Stefania Saviolo, professor at Milan’s Bocconi University and expert on the fashion industry, recently told me signs indicate the age of the fashion influencer has peaked. Rising inequality has meant influencers’ picture-perfect lifestyles are starting to grate. It’s also becoming clearer to consumers that influencers aren’t just random individuals who did well for themselves but savvy marketers and businesspeople.

I spent a couple of hours with Ferragni five years ago, when she had half the number of followers she has now but was diligent in maintaining her image. She repeatedly replied to questions about her motivation for opening up her entire life to the camera with the inane non sequitur, “sharing is caring.” When the photographer arrived, Ferragni was transformed and animated as if life only had value if it were captured in pictures. Which, for Ferragni’s business model, was, of course, true.

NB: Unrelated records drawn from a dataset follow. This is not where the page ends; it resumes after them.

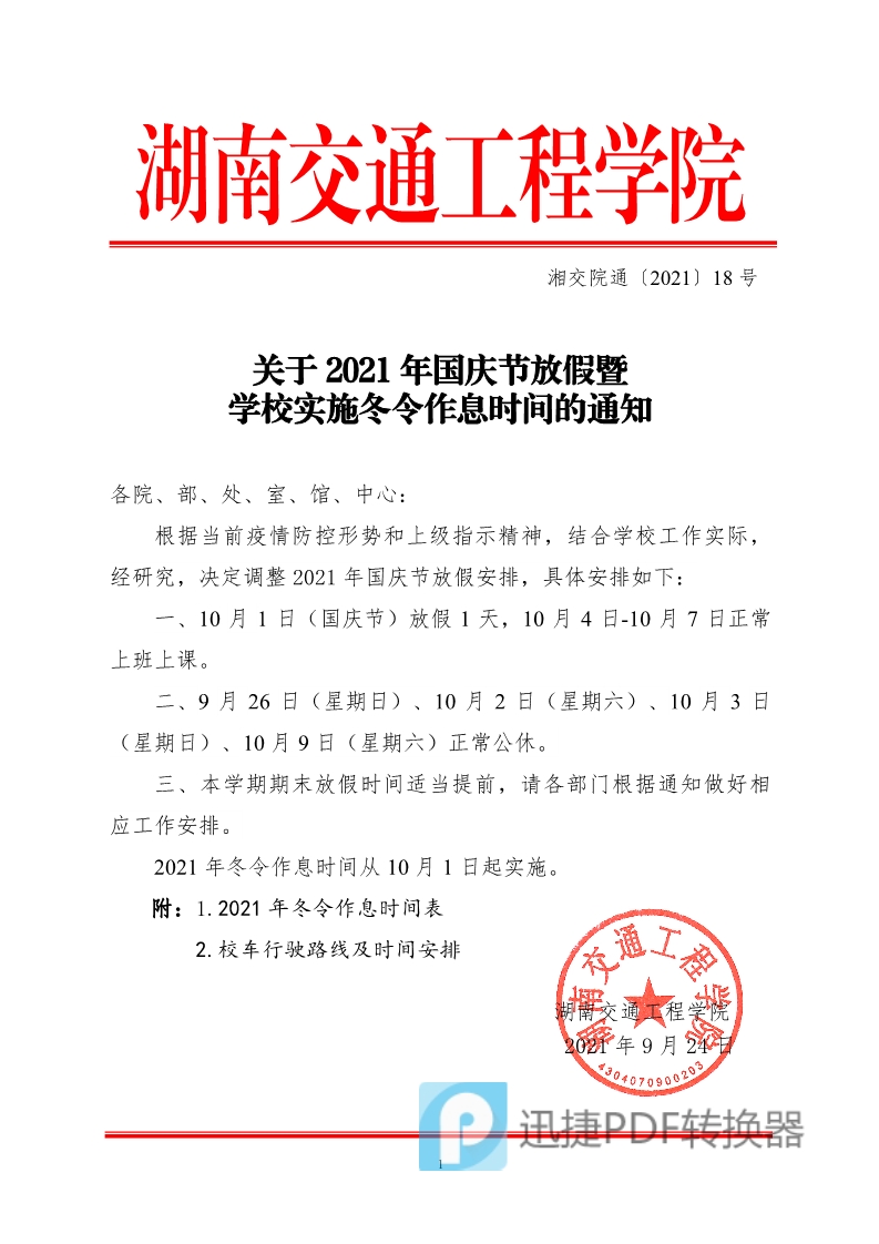 关于2021年国庆节放假暨学校实施冬令作息时间的通知
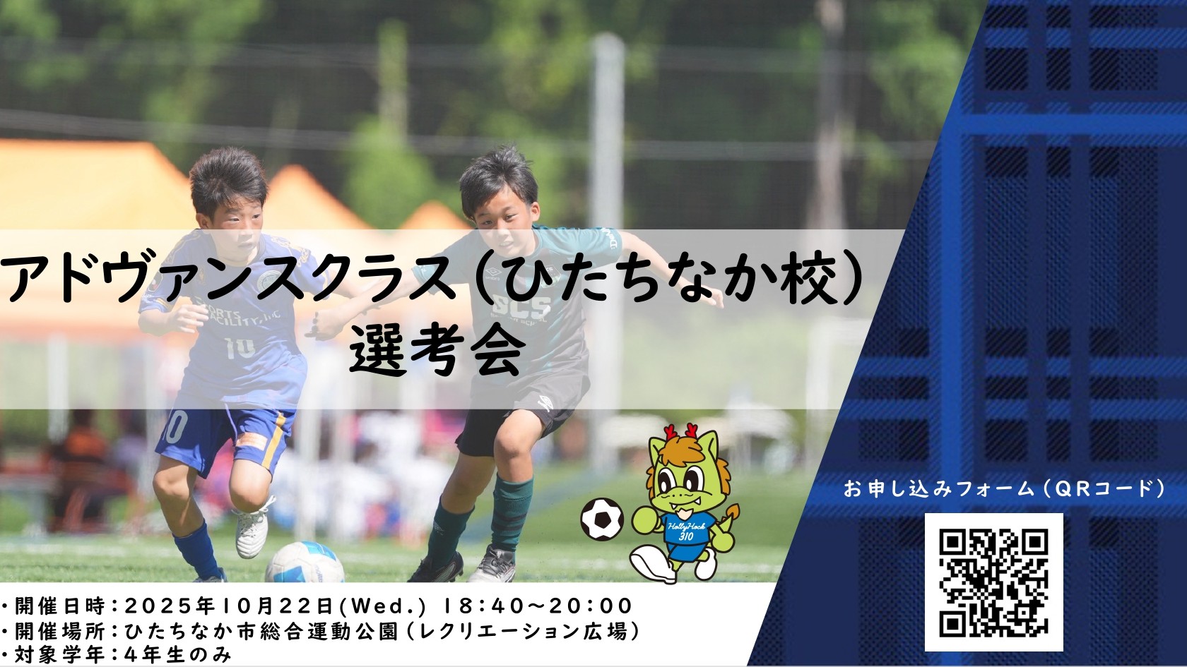 【10/22(水)開催】水戸ホーリーホックサッカースクール【ひたちなか校】アドヴァンスクラス選考会のご案内
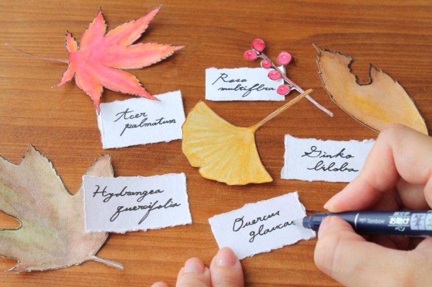 4.画用紙に学名(草花の名前)を書きます。学名を書く画用紙は、手でちぎって毛羽立たせて風合いを出すのがおすすめです。
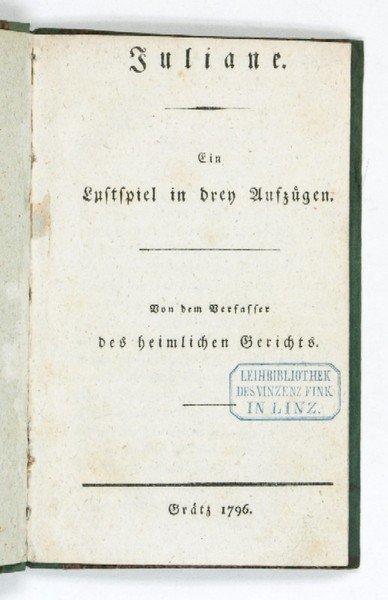 104 SS. Halbleinenband des 19. Jh.s mit hs. Bibliotheksschildchen am Rücken. 12mo. Grazer Raubdruck des 1794 in Berlin erschienenen Dramas. Der in Paris geborene Schriftsteller L. F. Huber (1764-1804) stand seit 1782 in Verbindung mit Chr. G. Körner und Schiller, “unter dessen Einfluß er das Drama ‘Das heimliche Gericht’ (1790) verfaßte. 1788 ging er als sächsischer Legationssekretär nach Mainz, wurde 1789 Ministerialresident und lernte Georg und Therese Forster kennen. Als Befürworter der Französischen Revolution geriet Huber in den Verdacht der Konspiration und zog, inzwischen mit Therese Forster liiert (Heirat 1794), in die Schweiz. Während des Aufenthalts in Neuchâtel und Bôle war er als Übersetzer tätig und gab u.a. die Zeitschrift ‘Friedens-Präliminarien’ (1794-96) heraus. Nach Deutschland zurückgekehrt, wirkte er seit 1798 als Redakteur von Cottas ‘Neuester Weltkunde’ in Tübingen [.] Als Dramatiker wenig erfolgreich, hatte er als literarischer Kritiker und politischer Publizist Bedeutung” (DBE). - Stempel der “Leihbibliothek des Vinzenz Fink Linz” am Titel. Der Verlagsbuchhändler Fink (1807-77) war 1856-61 auch Bürgermeister von Linz. Gutes, kaum fleckiges Exemplar. - Vgl. Holzmann/Bohatta II, 11494. Vgl. Goedeke V, 482, 13.
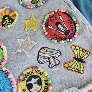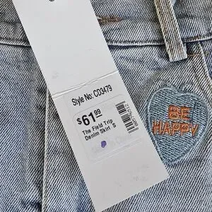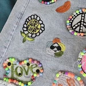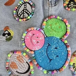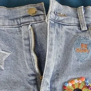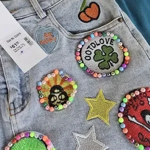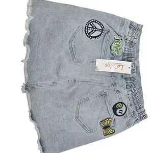 Add a splash of color to your outfit with this vibrant embellished denim skirt. Featuring playful patches, it's perfect for a fun and unique look. Measured 27 1/2 inches in waist and 14 inches in length. The back does have stretchy material in the waist line for various size fits.
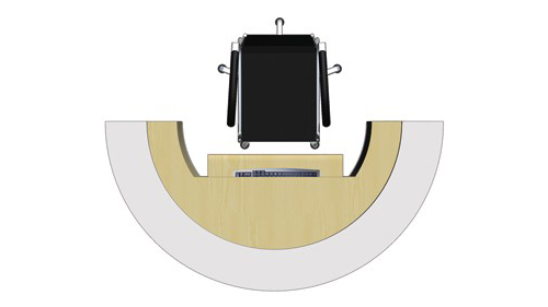 材质说明:台面为白色人造石,台休为白色铝单板,中间槽为3M贴膜,拉丝不锈钢踢脚,白枫木饰面,键盘架。
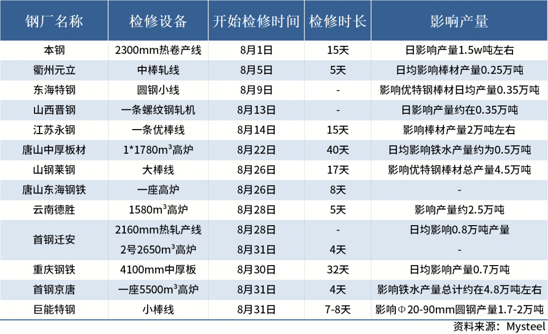 據(jù)Mysteel不完全統(tǒng)計(jì),8月以來國(guó)內(nèi)13家鋼廠發(fā)布檢修信息,其中,首鋼京唐計(jì)劃于8月31日對(duì)一座5500m3高爐進(jìn)行檢修至9月3日結(jié)束,為期4天左右,影響鐵水產(chǎn)量總計(jì)約在4.8萬噸左右。具體情況如下:
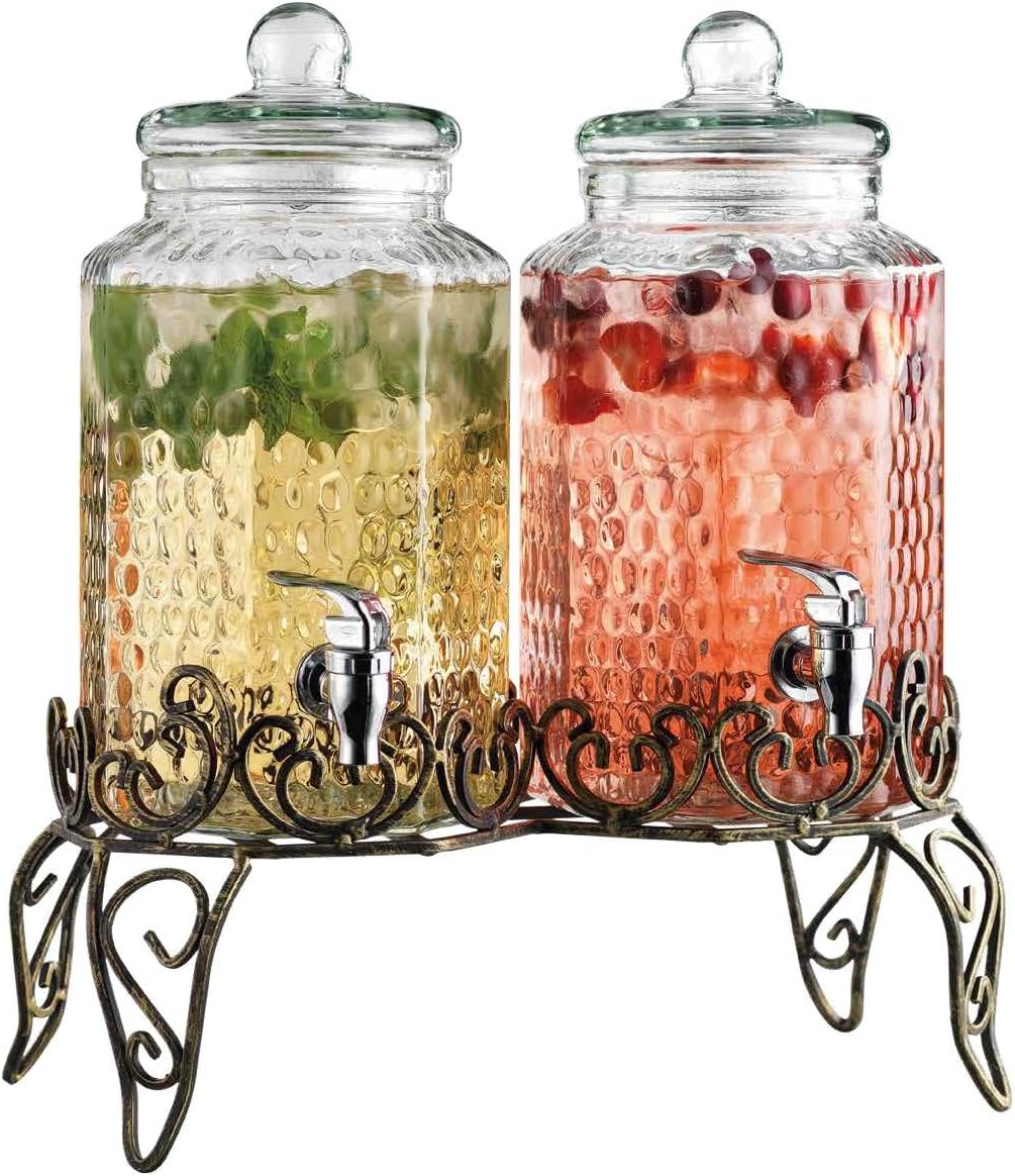 Create a beautiful drink station with the Glass Beverage Dispenser Set of 2 with Elegant Metal Stand. Each dispenser holds 1 gallon, giving you plenty of capacity to serve refreshing drinks to guests at parties and events. The hammered glass design adds a decorative and elegant look while remaining strong and durable for everyday use. Whether you are serving lemonade, iced tea, infused water, juice, punch, or cocktails, these dispensers provide both style and convenience. Each dispenser includes a smooth leak-proof spigot for easy pouring and a metal lid that helps keep beverages protected while serving. The elegant elevated stand raises the dispensers for comfortable pouring and creates a stylish centerpiece for your drink station. Perfect for: Parties Weddings BBQs Holiday gatherings Baby showers Catering events Everyday drink stations Serve drinks in style with this beautiful hammered glass beverage dispenser set designed for both functionality and elegant presentation.
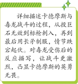 他一边说着,一边搬起一块巨石向毒龙投去。这样大的一块石头会砸得城墙和塔楼摇摇欲坠,但这条毒龙却一点也没受伤,它的坚硬的黑皮和鳞片像铁甲一样保护着它。现在英雄开始投掷标枪。这回怪物的身体顶不住了,钢制的枪尖深深地刺入它的脏腑。疼痛使毒龙勃然大怒,它回过头来咬碎枪杆,但枪头却牢牢地留在它的体内了。它被刺了一枪,就更加暴怒了,它的咽喉胀了起来,白色的泡沫从毒腭里往外喷吐。毒龙挺起比树干还直的身躯,像箭一样冲过来,但它的胸部撞在树干上了,鲜血终于从这头怪兽的脖子里流了出来,染红了周围的杂草。但伤势不重,毒龙仍能躲避冲刺砍杀。最后,卡德摩斯把长矛深深地捅进毒龙的咽喉,一直捅到一棵橡树里,把怪兽的脖颈钉在树干上,这时毒龙才被制服。
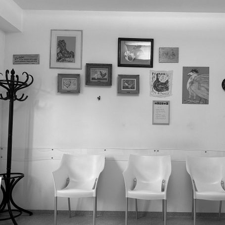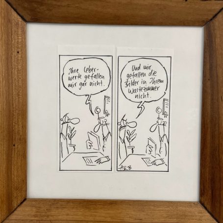 Original-Gemälde aus dem Bereich der "Komischen Kunst" schmücken die Räumlichkeiten und tragen dazu bei, dass Sie sich wohlfühlen. Auch wenn Lachen nicht in allen Fällen die BESTE Medizin ist, macht Humor die Erkrankung erträglicher.
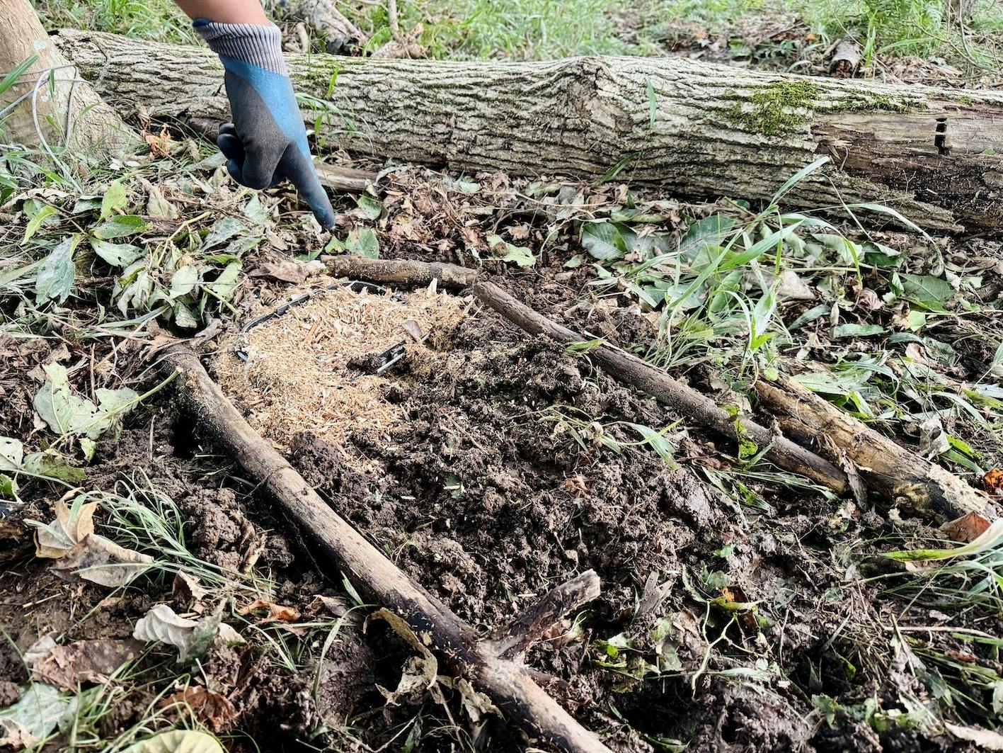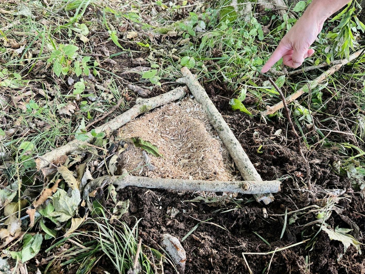 1ヶ所目は、罠を囲った枝の枠の外に足跡がありました。

But the pandoro debacle — and Ferragni’s response that the punishment was excessive considering she was only trying to help people — has disfigured her manicured image. As the mask slipped, she hired the prestige Milanese law firm Gianni Origoni and a suite of spin doctors who usually work for scandal-hit Italian blue chips to resolve a very traditional corporate-image crisis.

The media head of one of Italy’s largest luxury brands tells me the pendulum is swinging elsewhere too. Traditional media is coming back into vogue for the fashion brands. That means less money being sprayed around startup media brands and influencers. And there’s another threat on the horizon: artificial intelligence. Virtual and AI influencers, with names such as Noonoouri, Ayayi and Kuki, have already been used by brands including LVMH’s Louis Vuitton and Hennes & Mauritz AB.

Maybe Ferragni is starting to see the value of a bit more privacy for herself — even the sanctuary of an Umbrian hilltop.